The UK is a rainy country, and some parts of it are quite used to regular floods, but the situation is worsening. Global climate breakdown caused by the burning of fossil fuels is causing more unpredictable and extreme weather events and the domestic infrastructure is underfunded and cannot cope sufficiently.
The practical consequences of increased flooding and a lack of investment in defences include rising numbers of people being stuck in homes they cannot insure, let alone sell, businesses suffering in the autumn and winter seasons, food production facing devastating hits, transport routes becoming unusable at times. And more people will die.
This week, Storm Henk followed Agnes, Babet and Debi, which came earlier in the winter and caused destruction of their own. The heavy rain comes at a time when the country is already sodden, with rivers and soils unable to take any more water.

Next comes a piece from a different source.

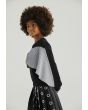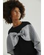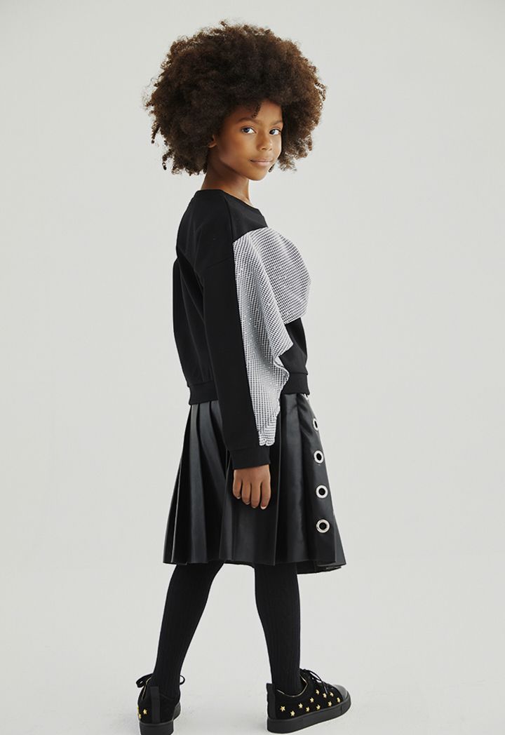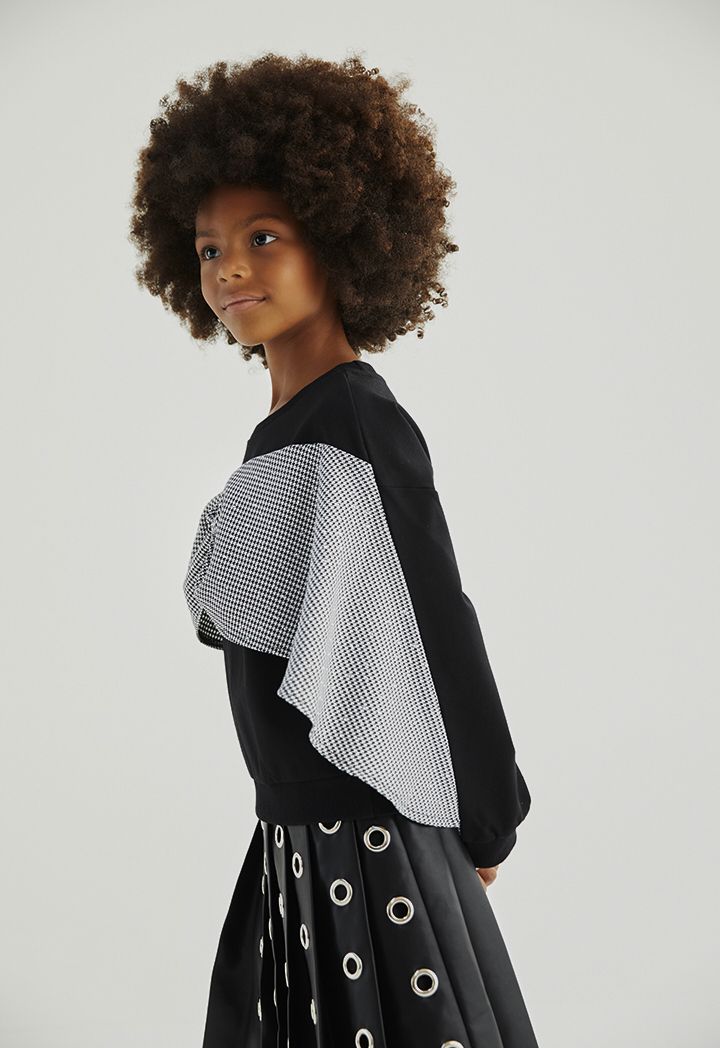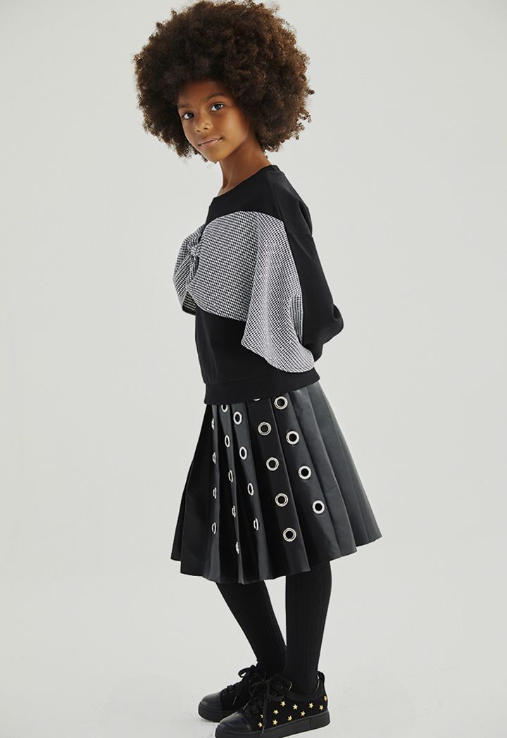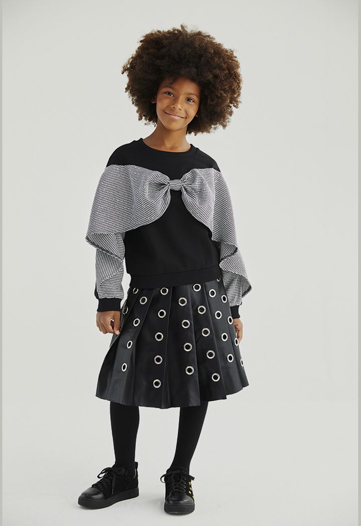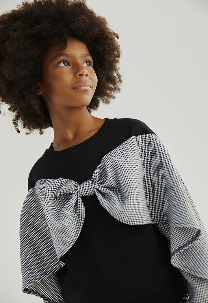 A modern sweater that features a dramatic houndstooth crystal embellished bow bodice and long sleeves.

The Environment Agency in England has advised people in flood warning areas to turn off gas, water and electricity supplies, move possessions upstairs, and move family, pets and cars to safety. This could be a warning heard by increasing numbers of people in future years.

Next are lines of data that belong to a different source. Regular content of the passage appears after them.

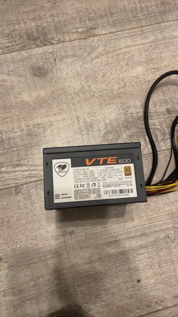 Zasilacz Cougar VTE 600W z certyfikatem 80 PLUS Gold, zapewniający stabilne zasilanie
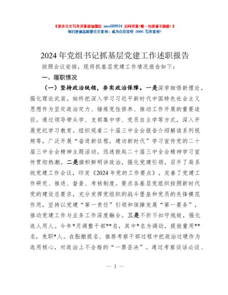 / 2024年党组书记抓基层党建工作述职报告
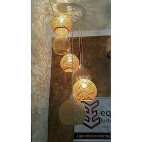 Kit com 5 luminária rústica de teto artesanal fibra natural 18 cm
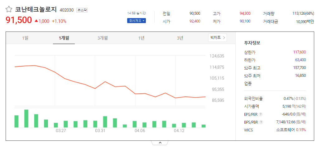 코난테크놀로지 주가 전망 확인과 기업 상세 정보
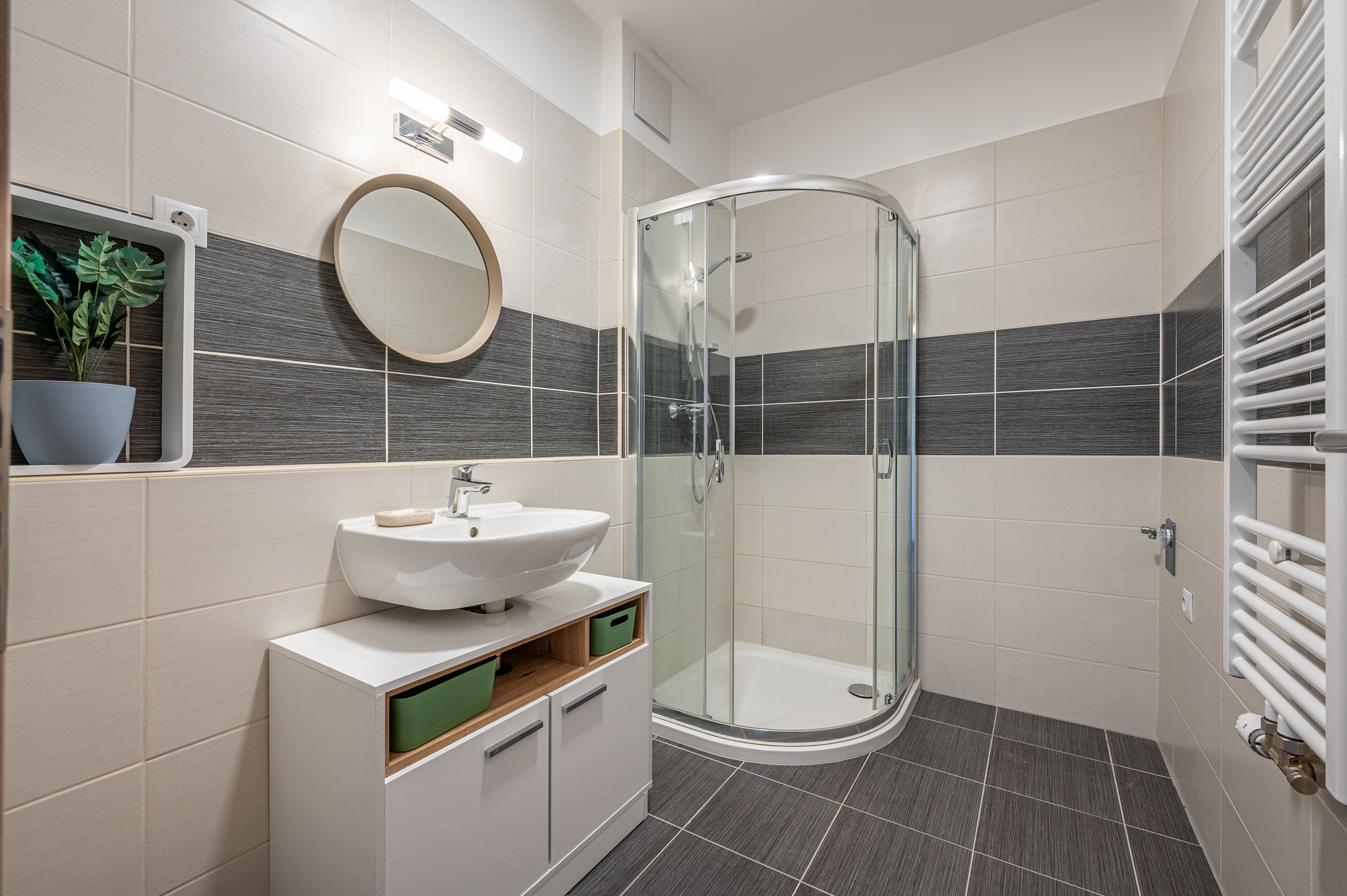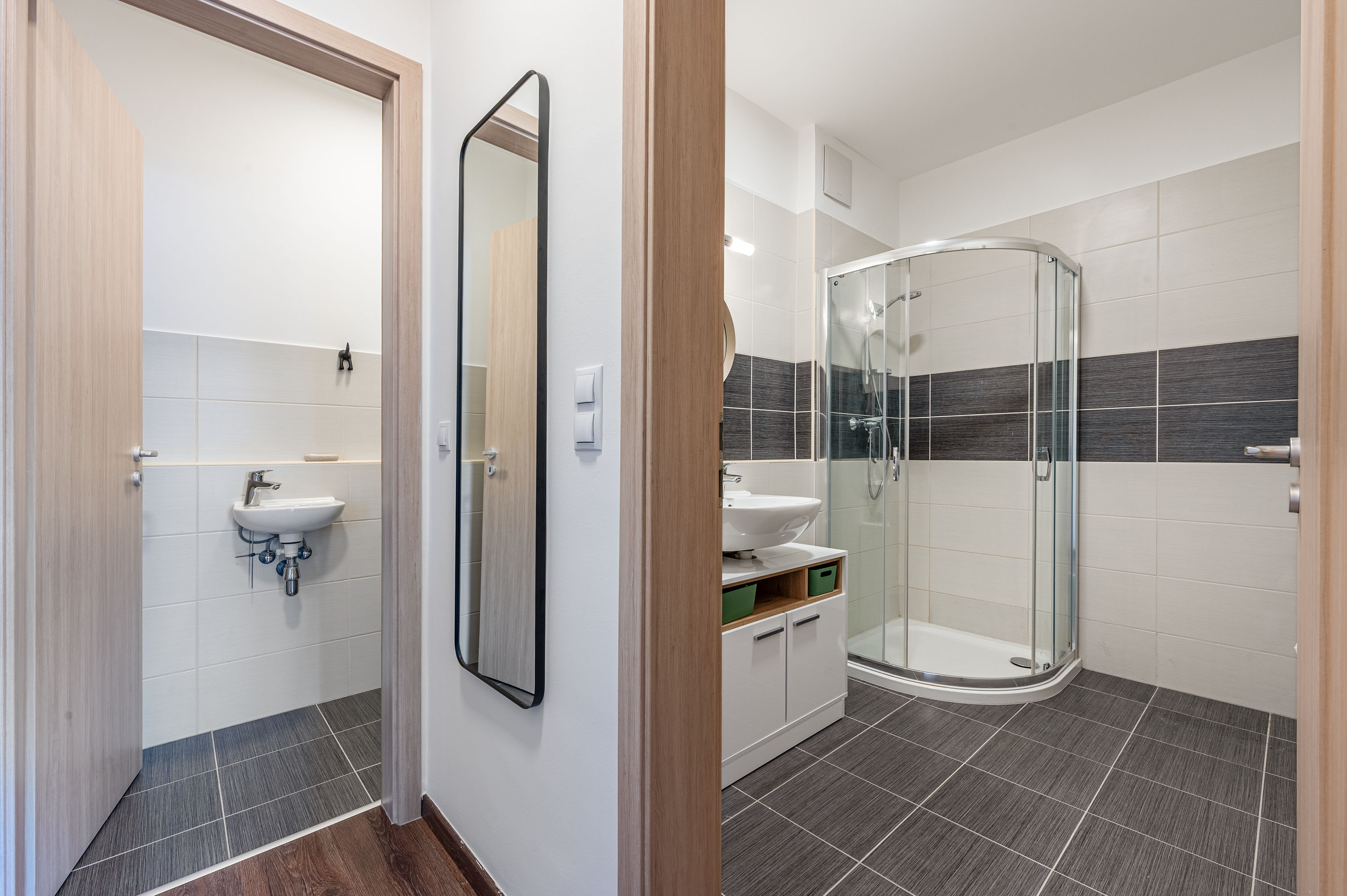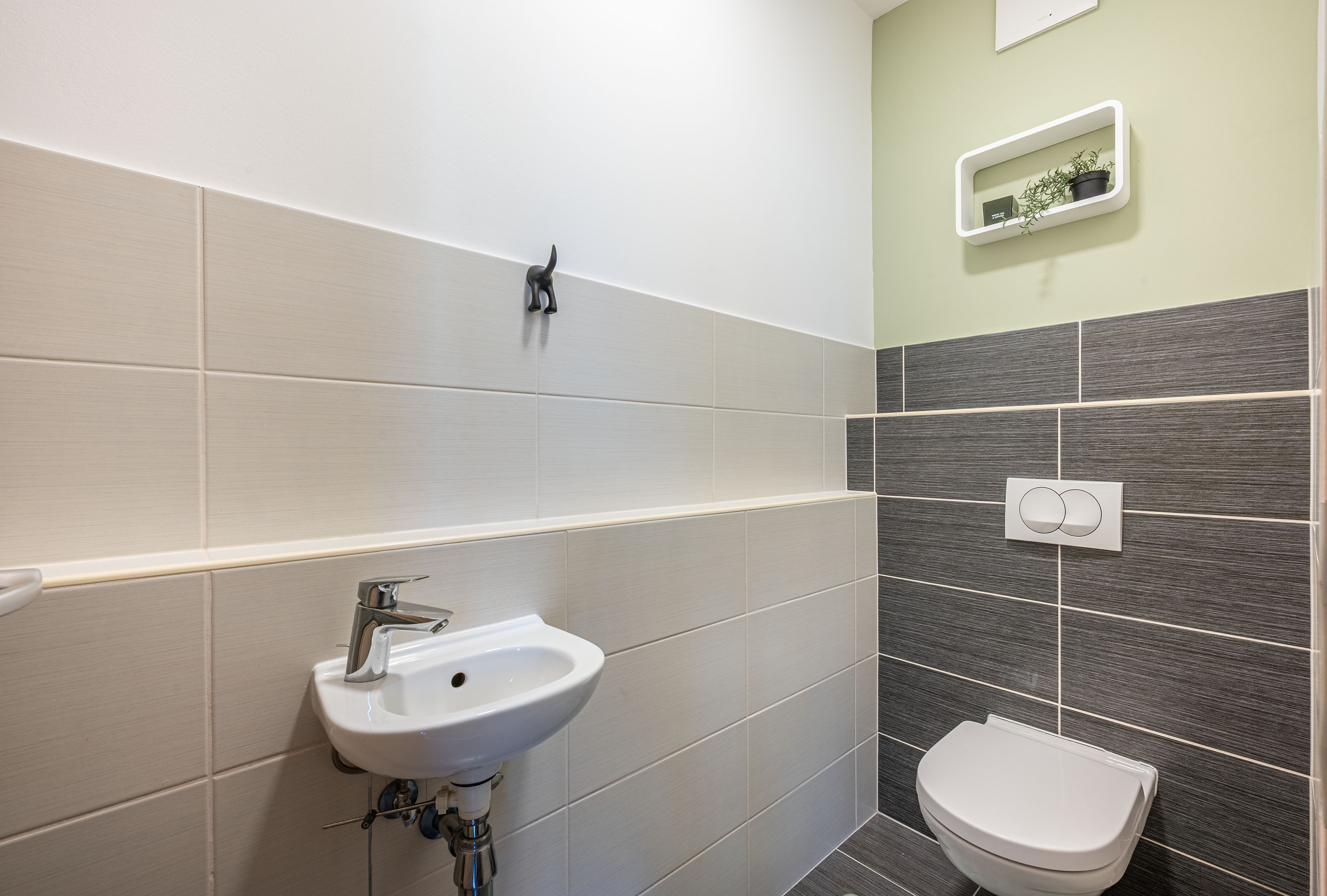 Az ingatlan 2 szobából (1 hálószoba egy nappali), 1WC-ből, fürdőszobából és dupla teraszból áll(43m2). A fürdőszoba épített walk-in zuhannyal felszerelt.

Hannah Cloke, a professor of hydrology at the University of Reading, said: “Storm after storm this autumn and winter has made Britain a sopping wet sponge and there is nowhere for any extra rain to go. All that extra water is running straight off the landscape and our rivers are swelling up like the beautiful monsters they can be.
“Mild, warmer winters, heavier downpours of rain, and storms that hit us week after week are all examples of the impacts of climate change that are increasingly affecting the UK right now. This should be a reminder of the need to adapt our cities and infrastructure to deal with this hotter, more hazardous climate. It shows a small taste of the enormous costs we are building up in the years ahead if we fail to bring down emissions fast enough.”
This winter it was revealed by the National Audit Office that the number of properties to receive better protection from flooding by 2027 has been cut by 40%, and 500 of 2,000 new flood defence projects have been abandoned. The government claims the cuts are unavoidable due to high inflation, but it is likely to be more costly to rebuild flood-devastated areas than to protect them in the first place.
Guardian research has found that more than 4,000 of England’s vital flood defences are so damaged they are almost useless. The number of damaged flood defences has increased across all regions in the past five years.
The answer is not just found in concrete defences and sandbags. There is increasing evidence that the way rivers have been straightened and deepened, and their banks stripped of vegetation, has caused water to flow down to the towns and cities below, worsening the flooding. Stripping nutrients from the soil means it is less able to hold water. Restoring river habitats and creating new floodplains would both help nature and reduce flooding.
The rest of January is forecast to be more settled but clear skies should not bring complacency – the next downpours will return soon enough.